Dancer, Photographer, Artist
What’s your story?
I spent my childhood playing pretend in the woods of the Shenandoah Valley, Virginia, learning how to notice and appreciate the little things from my dad and how to create a comfortable space for people from my mom. As foundational as my parents are in my life story, it’s important to note that I was always raised among community. I started life with an expansive imagination and my creative journey wove in and through the inspirations, teachings, and encouragements of many beautiful souls. With them I learned to sing and dance, draw and paint, knit and crochet, write and act, compose photography, throw pottery and work leather. I grew to love people more than anything and discovered that, in community, I found my joy and passion for life. So I moved from the country to the ever-flowing energy of Boston where I work as a nanny and spend my days surrounded by lovely hearts, striving to express the beauty I learned from my father and the love I learned from my mother.
What do you make?
Hm…what DO I make? Art is creative expression and, for an artist, that is simply all there is. It is found twisted into the fibers of the fabric of life: creating the blocks that make the pattern, the stitching that holds the pattern together and the binding that smooths the edges. My art is easily found in my photography, my dance, and my watercolor. But it also exists in the paper cranes and dried roses I see when I wake up, the outfit I choose to wear, the plants I water on the windowsill, my journaling during breaks at work, the dinner I make with friends and the space of music, dance, and comfort we create together.
How did you get involved with Miranda’s Hearth?
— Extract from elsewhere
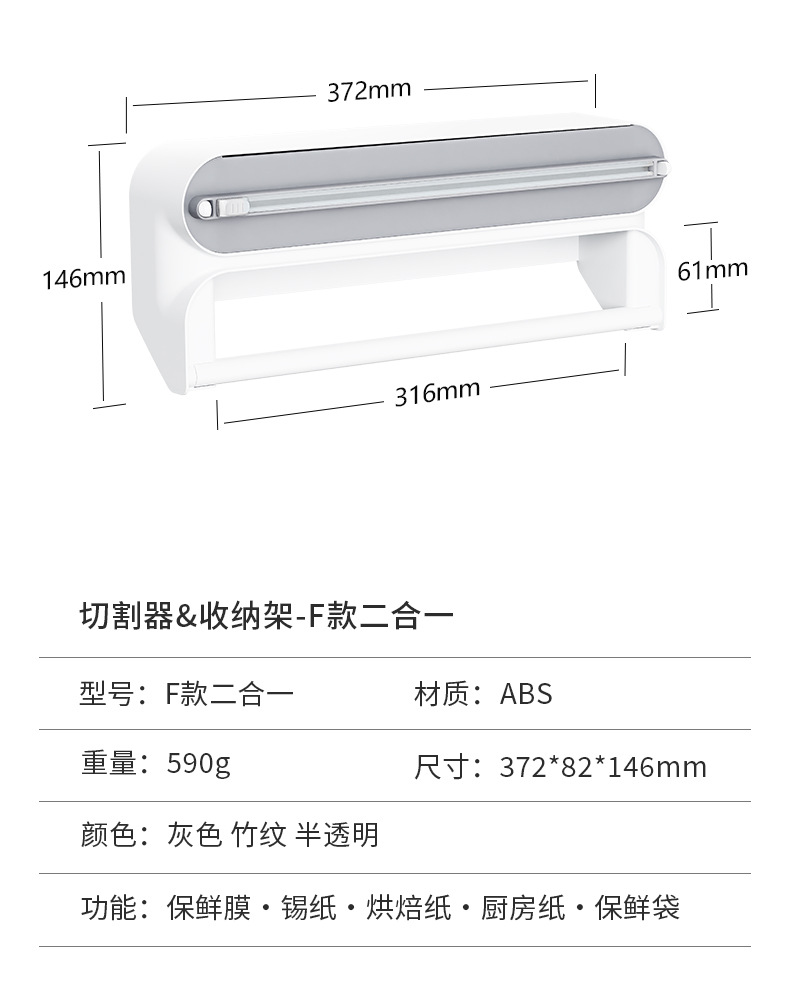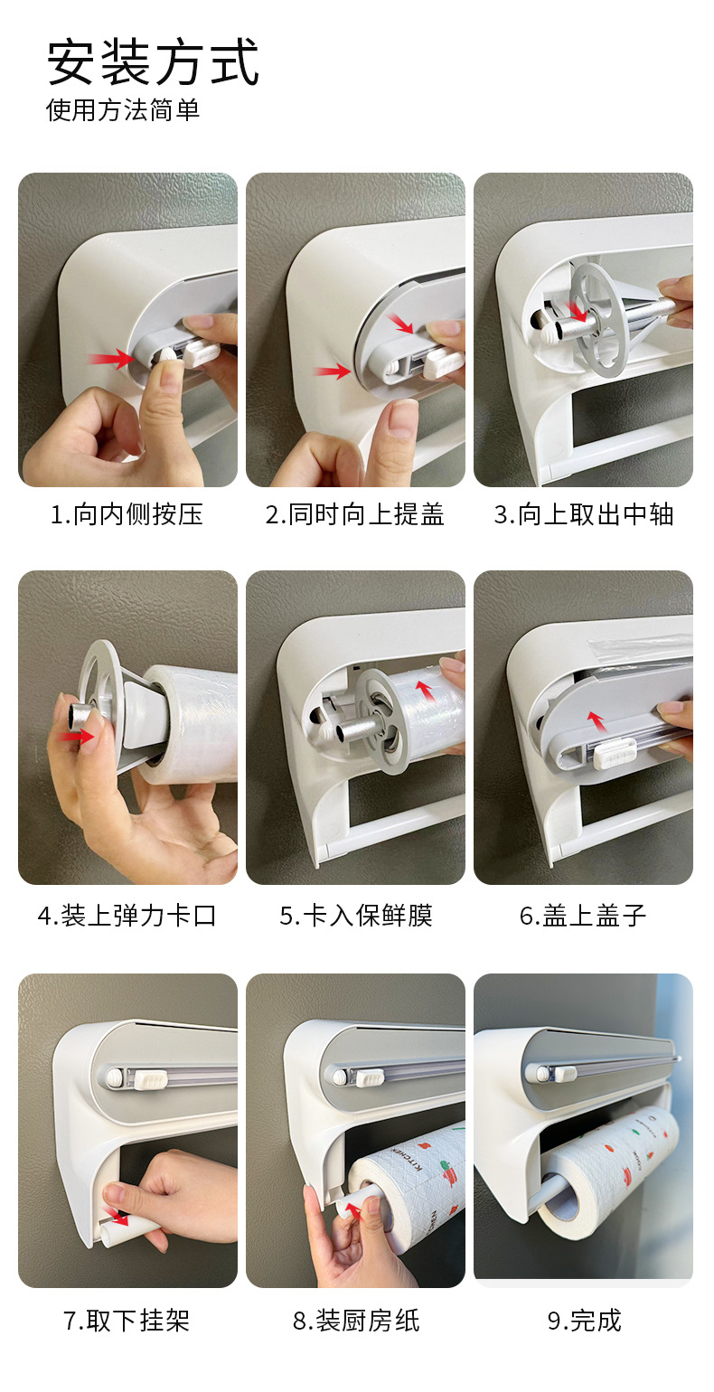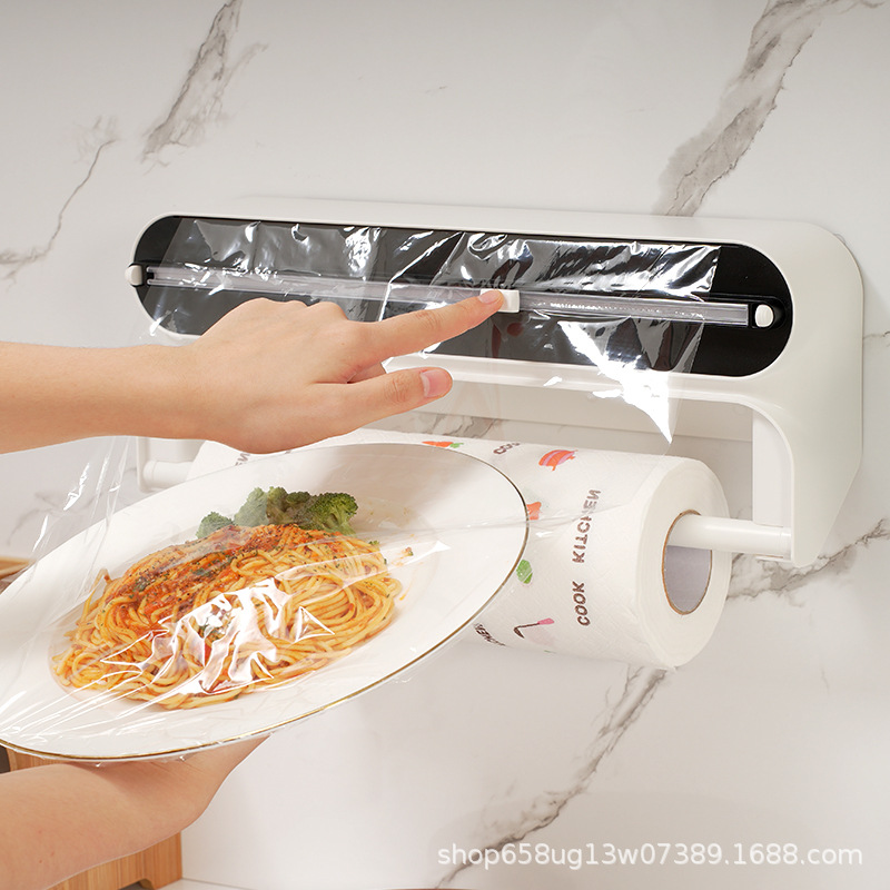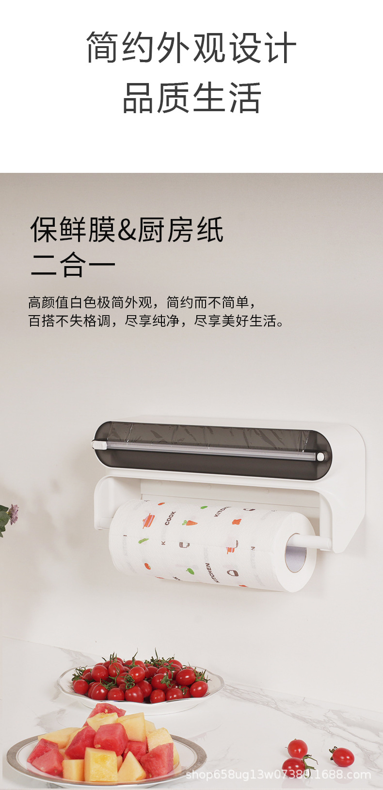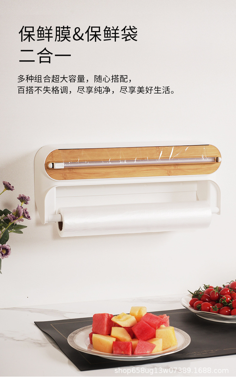 二合一保鲜膜切割器磁吸挂墙两用厨房纸收纳架锡纸烘焙纸保鲜袋架

I was introduced to the Hearth through Matthew Reese, learning more about the community as he did. It wasn’t long before he was a member and I, still living in Virginia at the time, was completely enamored with the idea of joining this growing art family. When I moved officially to Boston, I started attending events immediately, as many as I could. I can’t remember exactly when I met Miranda – I feel as though I have known her for as long as I have known about the Hearth – but I will always remember our times spent talking about art and life and the Hearth and that golden moment when she looked me in the eyes and said, “So are you ready to do this?”